Only one part of the listing is needed: the lines from the one with "あっという間に山頂へ。山頂駅" through the last line, copied exactly and free of pictures.

**PROVIDED DATA**
--

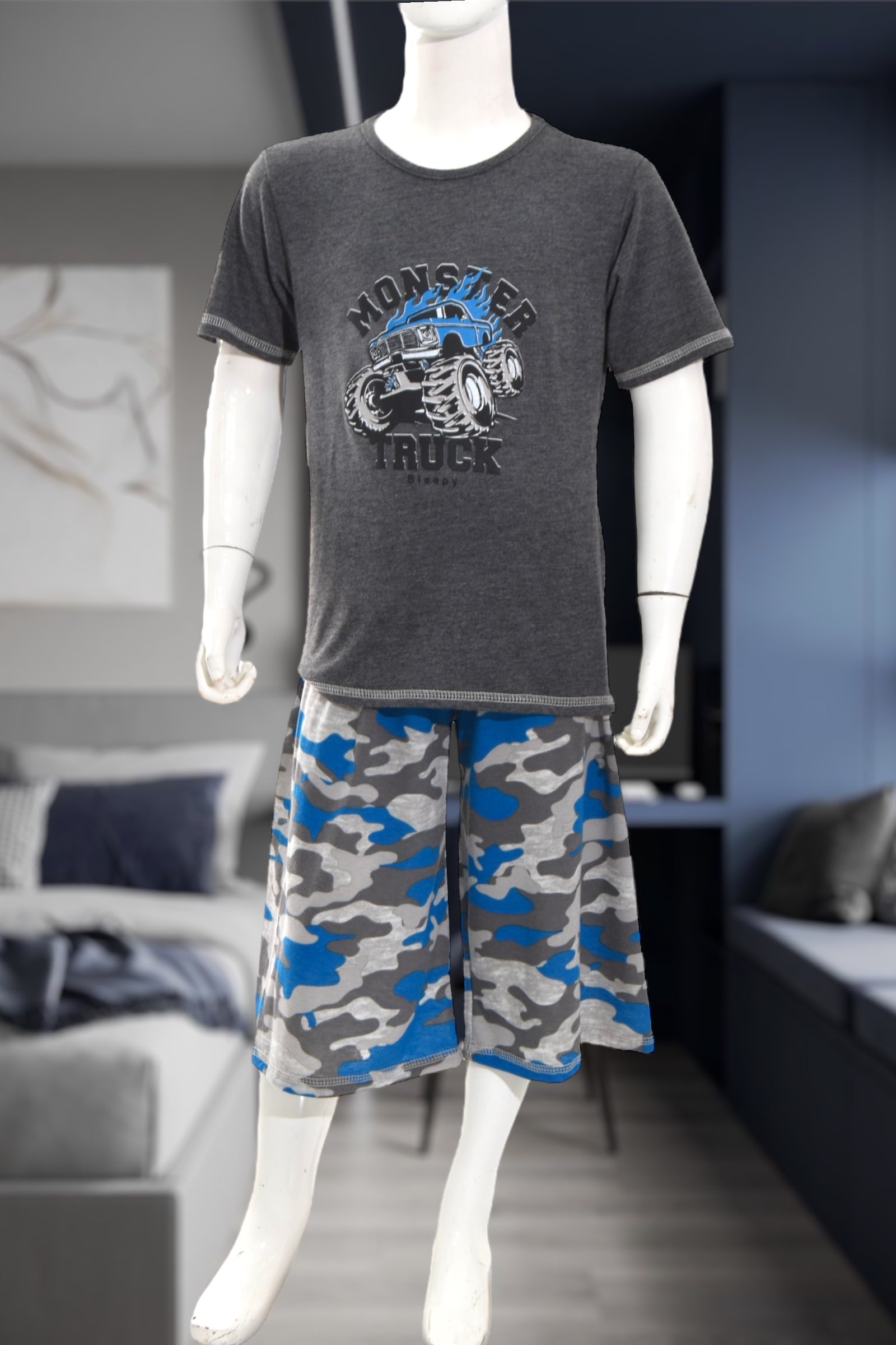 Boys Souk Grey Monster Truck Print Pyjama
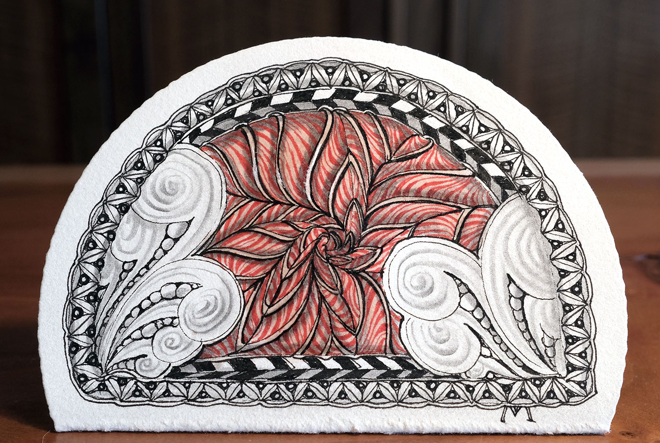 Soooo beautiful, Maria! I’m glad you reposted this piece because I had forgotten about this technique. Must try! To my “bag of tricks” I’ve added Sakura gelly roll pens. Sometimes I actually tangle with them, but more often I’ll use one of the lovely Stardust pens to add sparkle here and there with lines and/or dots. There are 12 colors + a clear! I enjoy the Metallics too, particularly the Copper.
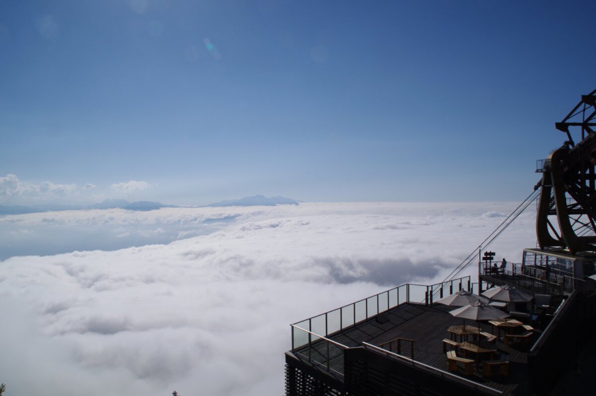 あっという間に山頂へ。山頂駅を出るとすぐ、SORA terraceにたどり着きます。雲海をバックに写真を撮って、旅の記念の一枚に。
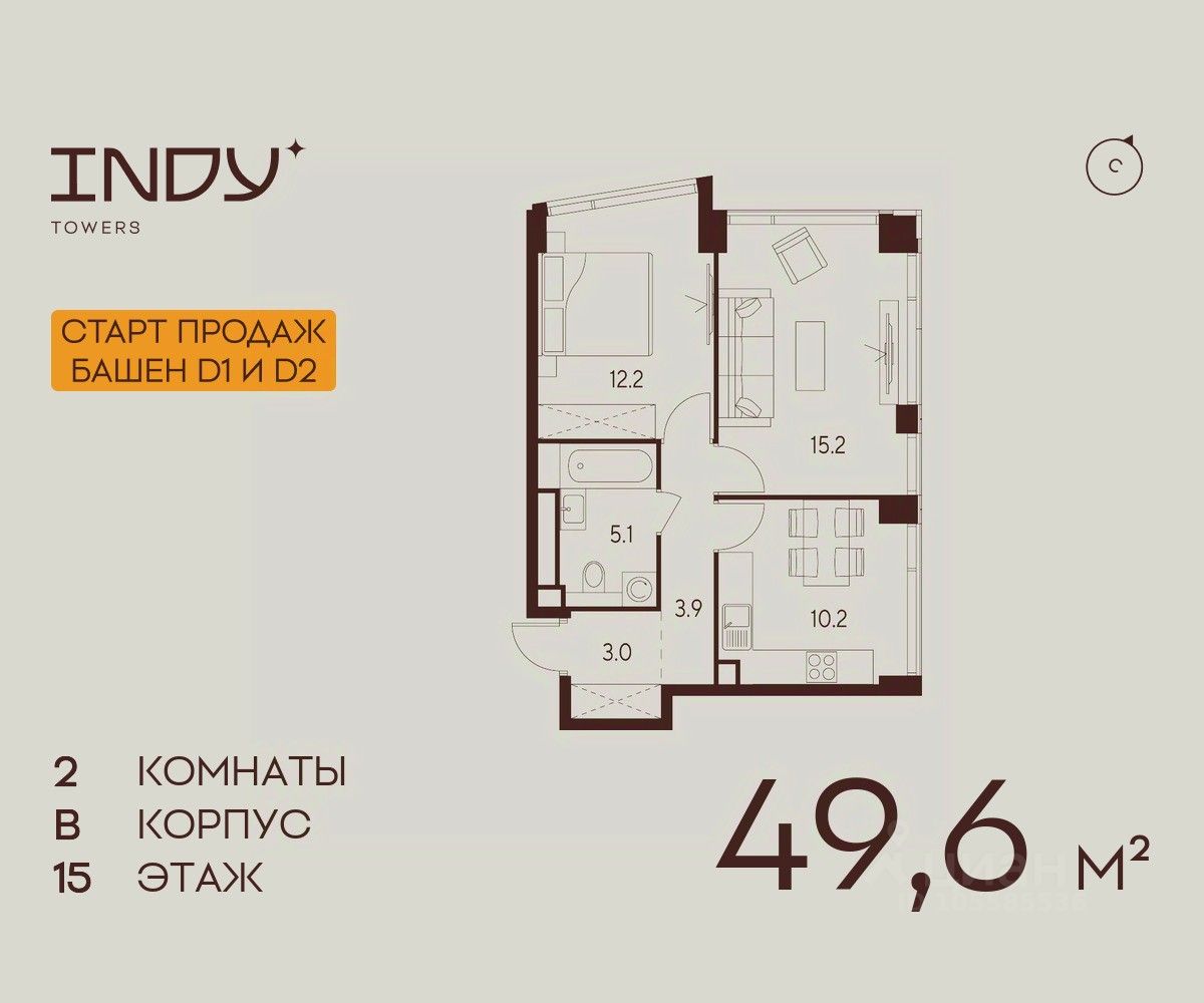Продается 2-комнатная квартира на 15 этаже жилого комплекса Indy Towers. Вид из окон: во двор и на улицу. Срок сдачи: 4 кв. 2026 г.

--

**EXERCISE ANSWER**
 あっという間に山頂へ。山頂駅を出るとすぐ、SORA terraceにたどり着きます。雲海をバックに写真を撮って、旅の記念の一枚に。
Продается 2-комнатная квартира на 15 этаже жилого комплекса Indy Towers. Вид из окон: во двор и на улицу. Срок сдачи: 4 кв. 2026 г.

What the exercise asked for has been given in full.